First, add the Ilum job API dependency to your project:

Gradle

implementation 'cloud.ilum:ilum-job-api:6.3.0'

Maven

<dependency>
<groupId>cloud.ilum</groupId>
<artifactId>ilum-job-api</artifactId>
<version>6.3.0</version>
</dependency>

sbt

libraryDependencies += "cloud.ilum" % "ilum-job-api" % "6.3.0"

Then, implement the Job trait/interface in your Spark job. Here's an example:

Scala

package interactive.job.example

import cloud.ilum.job.Job
import org.apache.spark.sql.SparkSession

class InteractiveJobExample extends Job {

override def run(sparkSession: SparkSession, config: Map[String, Any]): Option[String] = {
val userParam = config.getOrElse("userParam", "None").toString
Some(s"Hello ${userParam}")
}
}

Java

package interactive.job.example;

import cloud.ilum.job.Job;
import org.apache.spark.sql.SparkSession;
import scala.Option;
import scala.Some;
import scala.collection.immutable.Map;
public class InteractiveJobExample implements Job {
@Override
public Option<String> run(SparkSession sparkSession, Map<String, Object> config) {
String userParam = config.getOrElse("userParam", () -> "None");
return Some.apply("Hello " + userParam);
}
}

In this example, the run method is overridden to accept a SparkSession and a configuration map. It retrieves a user parameter from the configuration map and returns a greeting message.

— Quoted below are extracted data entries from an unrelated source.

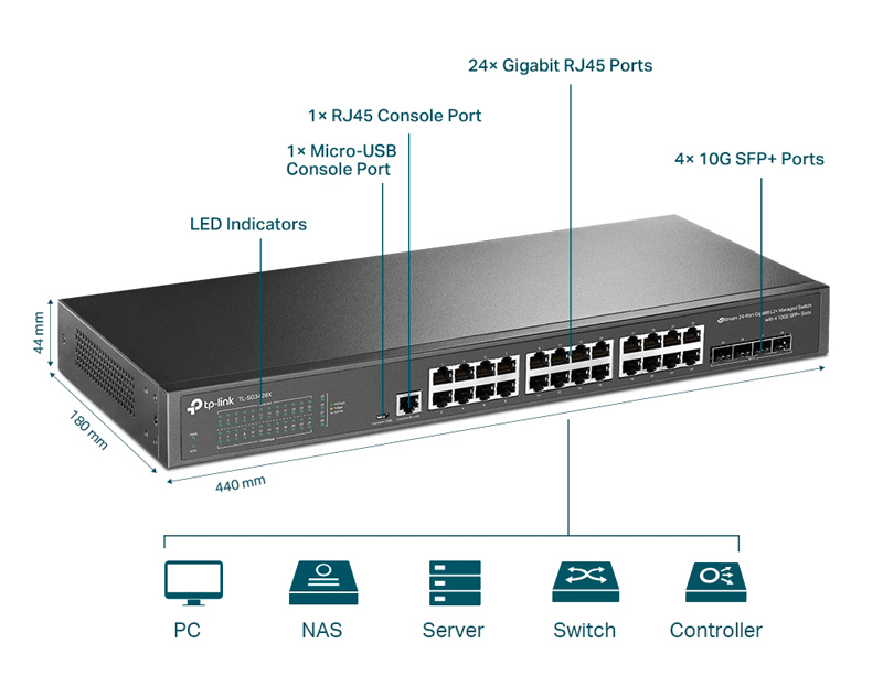 Interface: 24x 10/100/1000 Mbps RJ45 Ports, 4x 10G SFP+ Slots, 1x RJ45 Console Port, 1x Micro-USB Console Port
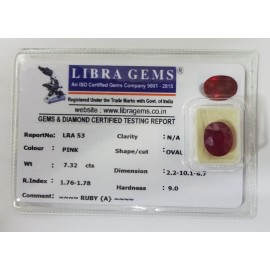REPORT NO . LRA 53CLARITY . N/ACOLOUR . PINKSHAPE / CUT . OVALWT . 7.32 CTSDIMENSION . 2-2.10-1.6-7.R . INDEX . 1.76-1.78HARDNESS . 9.0COMMENT . RUBY { A }..
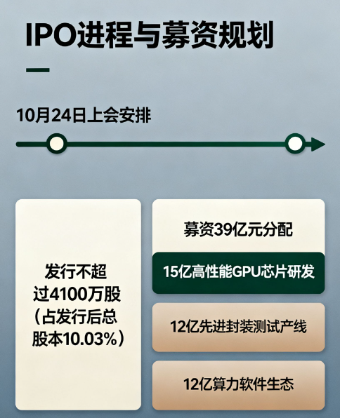 根据上交所公告,沐曦10月24日就接受科创板上市委审议了。这次计划发行不超过4100万股,占发行后总股本的10.03%,募集的39亿元早有明确去向:15亿砸向高性能GPU芯片研发,12亿建先进封装测试产线,12亿搞算力软件生态。值得一提的是,沐曦2024年研发投入占比高达35.7%,比行业平均的20%高出一大截,技术突破不是靠运气。
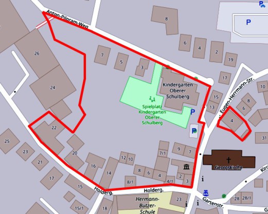 Bei der in 2014 im Gemeinderat getroffenen Entscheidung zur Verlegung des Kindergartens Oberer Schulberg an den neuen Standort beim Friedhof war bereits auf eine mögliche Nachnutzung des alten Areals und der Erstellung eines Bebauungsplans verwiesen worden. Die Aufstellung eines solchen Bebauungsplans wird nun angegangen. Die nachfolgende Karte zeigt grob den angedachten Geltungsbereich des Bebauungsplans. Zusätzlich soll das Gebiet in ein Landessanierungsprogramm aufgenommen werden, um Fördergelder zu erhalten. Ein entsprechender Antrag ist gestellt und eingereicht worden.

You can find a similar example on GitHub.

By following this pattern, you can transform your Spark jobs into interactive jobs that can execute calculations immediately, improving user interactivity and reducing waiting times.

Interactive Spark Job with Python

Below is an example of how to configure an interactive Spark job in Python using the ilum library:

  1. Spark Image Setup

    a) Use a Docker image from DockerHub
    Each Spark image we provide on DockerHub already has the necessary components built in.

    b) Install the ilum package
    If, for any reason, your Docker image does not include the ilum package or if you build your own custom image, you can install it (either within the container or locally) by running:

    pip install ilum
  2. Job Structure in ilum \

    The Spark job logic is encapsulated in a class that extends IlumJob, particularly within its run method

from ilum.api import IlumJob

class PythonSparkExample(IlumJob):
def run(self, spark, config):
# Job logic here

Simple interactive spark pi example:

from random import random
from operator import add

from ilum.api import IlumJob


class SparkPiInteractiveExample(IlumJob):

def run(self, spark, config):
partitions = int(config.get('partitions', '5'))
n = 100000 * partitions

def is_inside_unit_circle(_: int) -> float:
x = random() * 2 - 1
y = random() * 2 - 1
return 1.0 if x ** 2 + y ** 2 <= 1 else 0.0

count = (
spark.sparkContext.parallelize(range(1, n + 1), partitions)
.map(is_inside_unit_circle)
.reduce(add)
)

pi_approx = 4.0 * count / n
return f"Pi is roughly {pi_approx}"

You can find a similar example on GitHub.

Submitting an Interactive Spark Job on UI

After creating a file that contains your Spark code, you will need to submit it to Ilum. Here's how you can do it:

Open Ilum UI in your browser and create a new service:

Ilum

In the General tab put a name of a service

Ilum

In the Memory tab choose a cluster and set up your memory settings

Ilum

In the Resource tab upload your spark file

Ilum

Press Submit to apply your changes, and Ilum will automatically create a Spark driver pod. You can adjust the number of Spark executor pods by scaling them as needed.

Next, go to the Workloads section to locate your job. By clicking on its name, you can access its detailed view. Once the Spark container is ready, you can run the job by specifying the filename.classname and defining any optional parameters in JSON format.

Ilum

Now we have to put filename.classname in the Class filed:

Ilum_interactive_spark_pi.SparkPiInteractiveExample

and define the slices parameter in JSON format:

{
"partitions": 5
}

The first requests might take few seconds because of initialization phase, each another will be immediate.

Ilum

By following these steps, you can submit and run interactive Spark jobs using Ilum. This functionality provides real-time data processing, enhances user interactivity, and reduces the time spent waiting for results.